The second-stage bootloader repeats this process for the next stage — typically the application firmware or an operating system kernel. It loads the image from flash, verifies its signature against a key that was itself authenticated in the previous step (this key may be embedded in the signed bootloader image or stored in a protected key store), and jumps to the application only on success. This creates a chain of trust: ROM verifies bootloader, bootloader verifies firmware, and optionally firmware verifies application-level components. If any stage fails verification, the boot process halts or enters a recovery mode. On more complex systems (embedded Linux), the chain might be: ROM, SPL, U-Boot, kernel, and root filesystem, with each stage verifying the next.

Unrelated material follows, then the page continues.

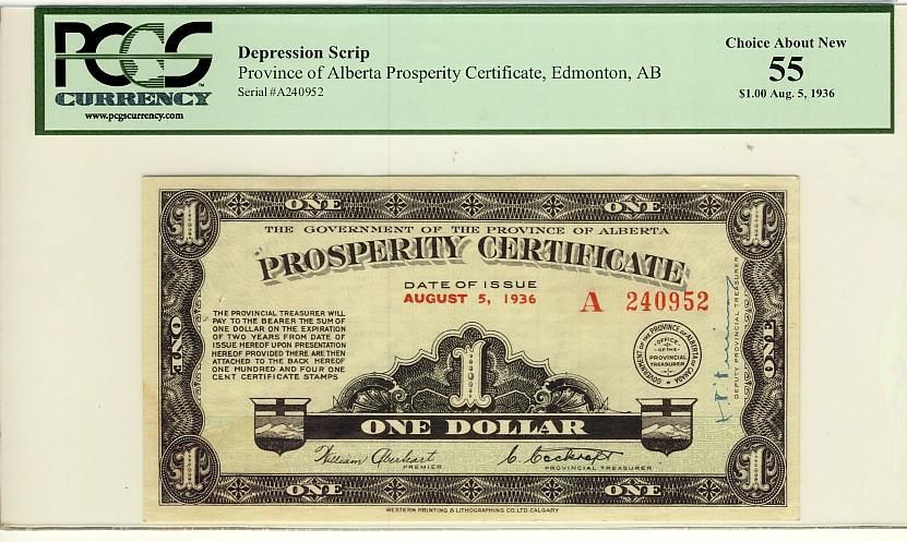 1936 $1 A-1 Prosperity certificate #A240952, 13 stamps on back, PCGS AU55

The security of the entire chain depends on several implementation details that interviewers probe: (1) Key storage — the root public key hash must be stored in OTP (One-Time Programmable) fuses, not in writable flash, otherwise an attacker can replace the key and sign their own malicious firmware. (2) Rollback protection — without an anti-rollback counter (also in OTP fuses), an attacker can flash an older, signed firmware version that has known vulnerabilities. (3) JTAG/debug port lockdown — if the debug port is open, an attacker can bypass secure boot entirely by loading code directly into RAM. (4) Fault injection resistance — glitching the power supply or clock during signature verification can cause the check to pass incorrectly; hardened implementations verify the signature twice or use constant-time comparison. Platforms like ARM TrustZone, NXP HAB (High Assurance Boot), STM32 SBSFU, and TI TIFS implement these concepts with varying levels of sophistication.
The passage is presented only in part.